» EXERCISE GOAL
Go to the line with "컴퓨터에서는 타이밍을 맞춰야만" in the entries below and write out every line from there through the line with "of bond indexes.", exactly and without pictures.

(Extracted records)
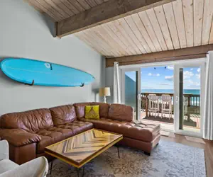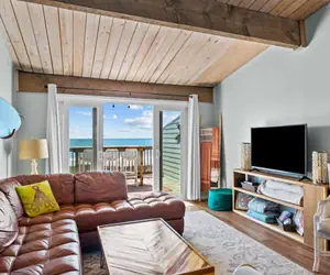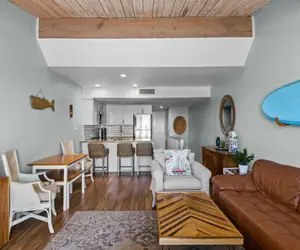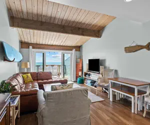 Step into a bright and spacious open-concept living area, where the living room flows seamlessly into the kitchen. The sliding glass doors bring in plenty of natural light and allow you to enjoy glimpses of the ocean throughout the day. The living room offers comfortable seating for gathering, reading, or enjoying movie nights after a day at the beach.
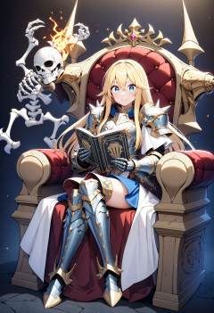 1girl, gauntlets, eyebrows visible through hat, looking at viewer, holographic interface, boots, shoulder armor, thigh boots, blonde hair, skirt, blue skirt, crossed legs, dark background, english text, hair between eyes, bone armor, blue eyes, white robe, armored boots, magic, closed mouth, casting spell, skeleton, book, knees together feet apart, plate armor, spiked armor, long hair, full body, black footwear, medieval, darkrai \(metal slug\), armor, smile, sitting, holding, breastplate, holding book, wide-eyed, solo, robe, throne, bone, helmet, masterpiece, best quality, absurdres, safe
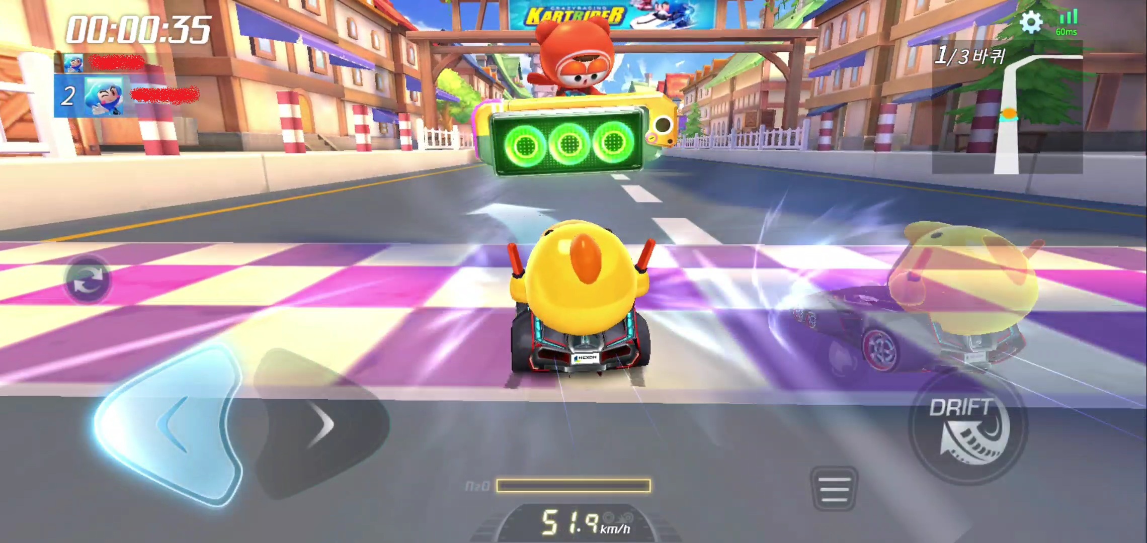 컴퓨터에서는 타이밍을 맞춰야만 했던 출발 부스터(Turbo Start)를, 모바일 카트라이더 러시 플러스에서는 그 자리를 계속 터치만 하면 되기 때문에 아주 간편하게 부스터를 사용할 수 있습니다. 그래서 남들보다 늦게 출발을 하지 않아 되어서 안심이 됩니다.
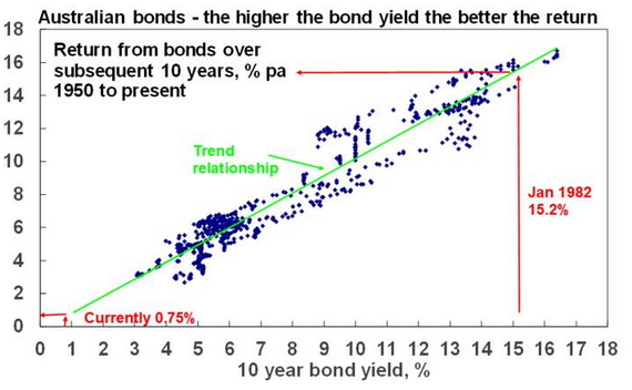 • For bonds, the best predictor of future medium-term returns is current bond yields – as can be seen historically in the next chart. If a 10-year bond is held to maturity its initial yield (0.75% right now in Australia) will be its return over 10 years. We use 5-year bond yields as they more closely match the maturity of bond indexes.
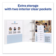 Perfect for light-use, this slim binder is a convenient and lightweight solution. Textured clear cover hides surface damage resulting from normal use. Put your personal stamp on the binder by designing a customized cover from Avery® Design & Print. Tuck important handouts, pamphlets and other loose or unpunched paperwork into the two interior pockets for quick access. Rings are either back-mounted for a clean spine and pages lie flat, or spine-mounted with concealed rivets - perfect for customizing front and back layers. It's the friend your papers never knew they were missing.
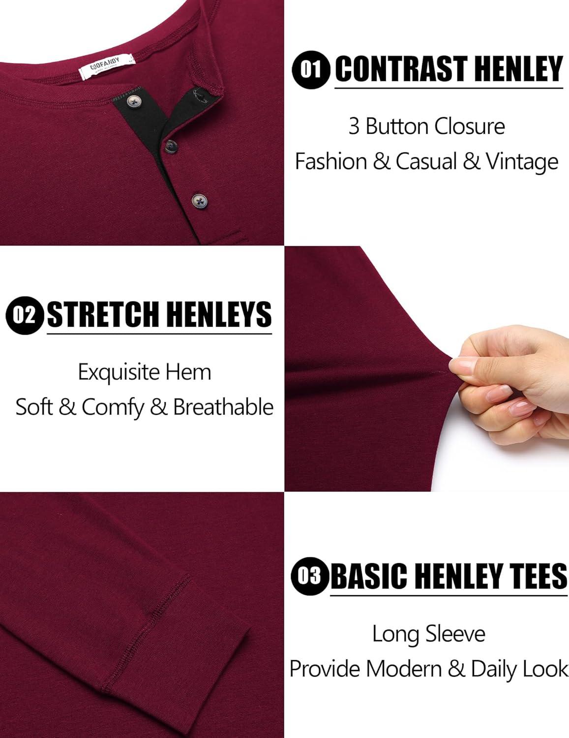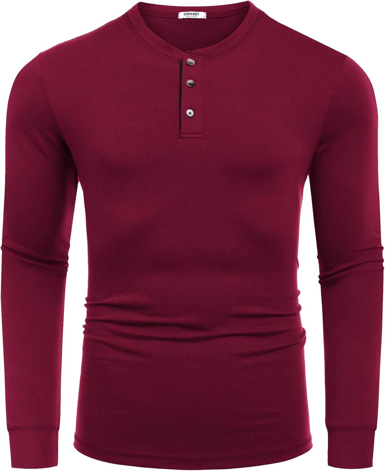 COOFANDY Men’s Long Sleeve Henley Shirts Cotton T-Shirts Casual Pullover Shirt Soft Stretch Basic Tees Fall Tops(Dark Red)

» OUTPUT OF THE TASK
 컴퓨터에서는 타이밍을 맞춰야만 했던 출발 부스터(Turbo Start)를, 모바일 카트라이더 러시 플러스에서는 그 자리를 계속 터치만 하면 되기 때문에 아주 간편하게 부스터를 사용할 수 있습니다. 그래서 남들보다 늦게 출발을 하지 않아 되어서 안심이 됩니다.
 • For bonds, the best predictor of future medium-term returns is current bond yields – as can be seen historically in the next chart. If a 10-year bond is held to maturity its initial yield (0.75% right now in Australia) will be its return over 10 years. We use 5-year bond yields as they more closely match the maturity of bond indexes.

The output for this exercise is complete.